A metaheuristic evolutionary method for electrical performance estimation of distribution networks

This paper proposes a new probabilistic method to evaluate power distribution electrical performance. Electrical performance is assumed to be the evaluation of network congestion parameters, losses and voltage level. The proposed method is suitable for off-line applications and it considers steady state performance only. The electrical performance estimation is formulated as a multiobjective optimization problem where the objective functions correspond to an evaluation of occurrence probability, and also correspond to a proximity evaluation of calculated voltage levels with values obtained by measurement (goal programming). Load profile values are discretized according to its occurrence probabilities (universal discrete probability density function), so that formulation results in a multiobjective combinatorial optimization.

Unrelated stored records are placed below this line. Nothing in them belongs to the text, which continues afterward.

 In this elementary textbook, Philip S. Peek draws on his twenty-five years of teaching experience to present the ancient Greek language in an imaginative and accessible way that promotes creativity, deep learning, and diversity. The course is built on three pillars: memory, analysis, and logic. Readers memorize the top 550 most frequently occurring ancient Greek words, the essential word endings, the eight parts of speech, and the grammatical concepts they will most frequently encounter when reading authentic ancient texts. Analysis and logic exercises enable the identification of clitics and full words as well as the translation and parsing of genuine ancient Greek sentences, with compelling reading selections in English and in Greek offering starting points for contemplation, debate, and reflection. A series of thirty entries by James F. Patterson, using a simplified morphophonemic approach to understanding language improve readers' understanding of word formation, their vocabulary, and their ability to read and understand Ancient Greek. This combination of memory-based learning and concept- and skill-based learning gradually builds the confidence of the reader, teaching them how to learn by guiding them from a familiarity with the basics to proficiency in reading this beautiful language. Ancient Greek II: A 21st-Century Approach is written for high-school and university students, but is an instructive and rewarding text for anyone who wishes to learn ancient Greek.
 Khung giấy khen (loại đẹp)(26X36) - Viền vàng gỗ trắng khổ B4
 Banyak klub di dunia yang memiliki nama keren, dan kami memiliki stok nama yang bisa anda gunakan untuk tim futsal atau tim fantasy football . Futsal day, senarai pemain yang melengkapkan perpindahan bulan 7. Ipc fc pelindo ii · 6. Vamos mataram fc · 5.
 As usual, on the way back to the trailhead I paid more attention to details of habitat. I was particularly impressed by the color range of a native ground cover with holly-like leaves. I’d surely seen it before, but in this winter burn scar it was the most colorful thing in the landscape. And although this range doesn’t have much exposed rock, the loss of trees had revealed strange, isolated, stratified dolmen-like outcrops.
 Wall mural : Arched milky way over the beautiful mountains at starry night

The optimization formulation considers feeder output power and voltage level measurement in any point of the network as restriction parameters. Network reduction procedures to substantially reduce decision domain and network expansion procedures to rebuild it are proposed. Specific heuristics applicable to radial networks - were also developed to generate a-priori feasible candidate solutions combining unbalanced and diversification load values. A metaheuristic evolutionary method is proposed and applied in order to improve feasible solutions and adequately apply the heuristics. feasible solutions are classified according to dominance ranking algorithm, so that electrical performance is obtained for each dominance rank frontier.